Offensive Line – in the second round, the team selected Sam Cosmi, who many regard as the most athletic lineman in the draft class.
Defensive backs – At first I thought the team might rely on St-Juste, their initial 3rd round pick, to bolster both CB and FS, but with the 5th round pick the team added a true safety in Darrick Forrest with the flexibility to play both strong & free safety, continuing the pattern of versatility that Ron Rivera seems to value in players.
Wide Receiver – Dyami Brown looks like a player who may have been under-valued by teams due to his limited role in the UNC offense, but he is only the second D1 player ever to average 20 yards per catch in consecutive years. He should add an explosive element to the offense that can be exploited by Ryan Fitzpatrick, and which should open up the field for the other receiving targets in a way that we haven’t seen since the days when Desean Jackson wore burgundy & gold. The team added another 1,000-yard receiver in Dax Milne with its final pick in the draft.
Tight End – More than a few fans expected the team to grab a tight end earlier in the draft, but they grabbed a strong blocker and reliable receiver (albeit with limited college production in the passing game) when they took John Bates in the 4th round. I have listed Bates as the primary backup to Logan Thomas on the depth chart above. Ignore the TV analyst’s player comp of Jeremy Sprinkle for this guy — we don’t want to worsen your PTSD. Bates looks to be a better blocker and a much smoother pass catcher that “Sprink” ever was.
Defensive End – With Montez Sweat and Chase Young locked in as starters, the Football Team needed to build some depth behind them following the apparent loss of both Ryan Anderson and Ryan Kerrigan in free agency. They did that with a pair of back-to-back 7th round selections — William Bradley-King, drafted at #240, and Shaka Toney at #246.

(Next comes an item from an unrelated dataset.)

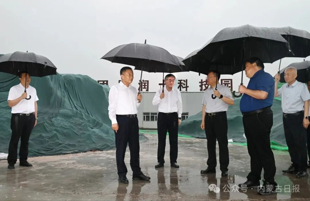 6月14日,自治區(qū)黨委書記孫紹騁來到寧城天宇膨潤土科技有限公司,實地查看企業(yè)的原料堆場,詳細(xì)詢問防塵網(wǎng)鋪設(shè)和噴淋設(shè)施配備使用情況。草原云·內(nèi)蒙古新聞網(wǎng)記者 馬建兵 攝
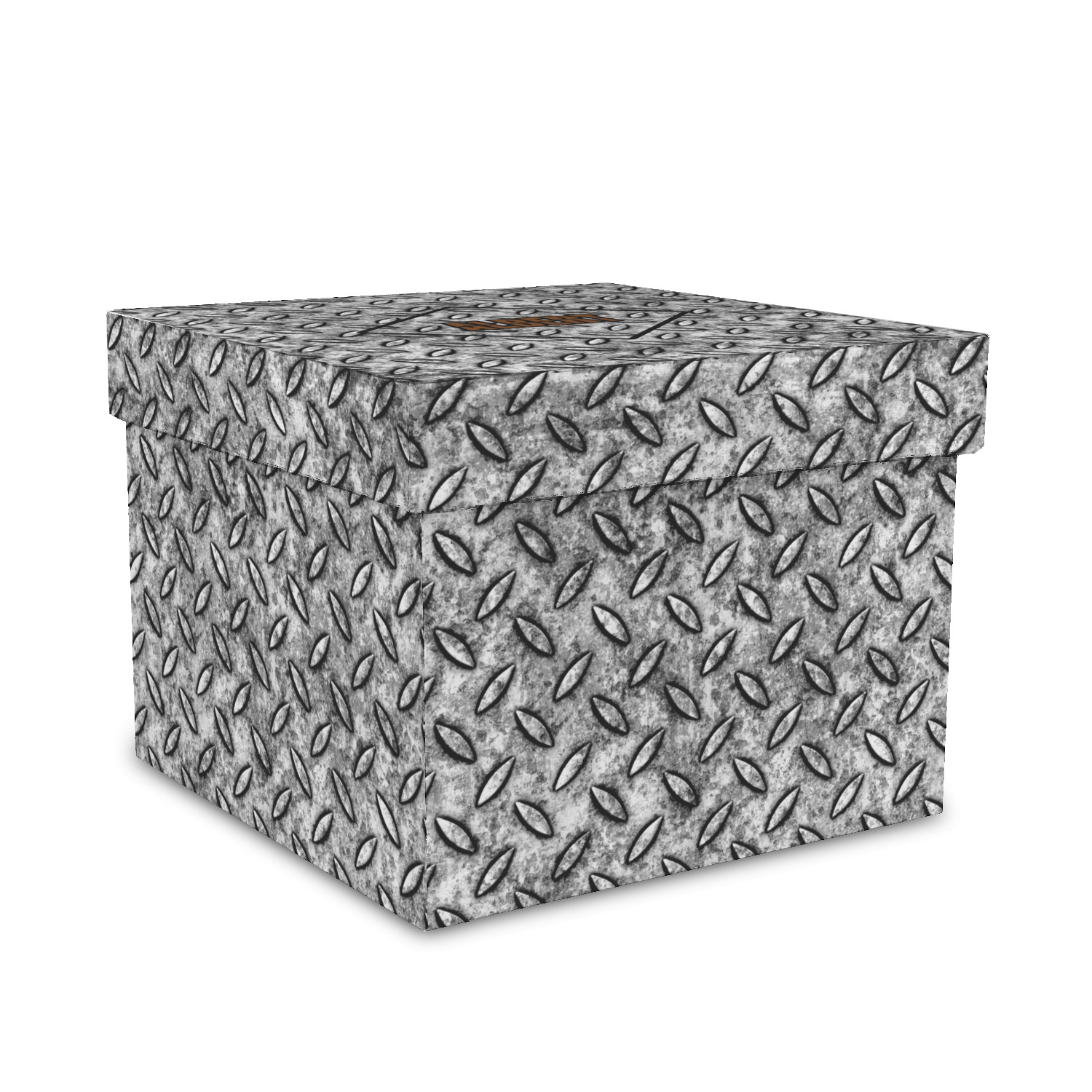 The design idea features a grungy diamond plate as the background. A diamond frame is the focal point of this design idea with your personalization in a grungy font. Nothing could get more manly than this.

Long Snapper — I took a fair bit of good-natured ribbing for my spotlight article on the long-snapper position and my suggestion that the Football Team might draft Cameron Cheeseman this weekend. I’m not gonna say “I told you so” because I don’t want to spend the rest of my life hearing about how I championed Thaddeus Moss as the answer to the team’s backup tight end role earlier this offseason. I’m gonna assume that being right on one and wrong on the other cancel each other out and restore me to a clean slate.
Running back – This is the one position that looked thin that wasn’t addressed in the draft. After releasing Bryce Love, Javon Leake and Michael Warren in the past few weeks, it was clear that the team needed to add one or two backs for training camp. As mentioned earlier in the article, there has been a report that Buffalo’s Jaret Petterson will be signed this week. This always looked like fertile ground for a UDFA since the team returns all three of its top running backs from last season along with veteran Lamar Miller.
Quarterback – Comments from Ron Rivera and Martin Mayhew indicate that the team might’ve drafted a quarterback if the right guy was there at the right pick, but that they didn’t plan to chase one by trading up. As it turned out, they didn’t address the position, and it looks like the team will go to camp with Fitzpatrick, Heinicke, Allen and Montez, which should be fine for the 2021 season. A decision looms, however, as the team will need a long-term solution sooner rather than later.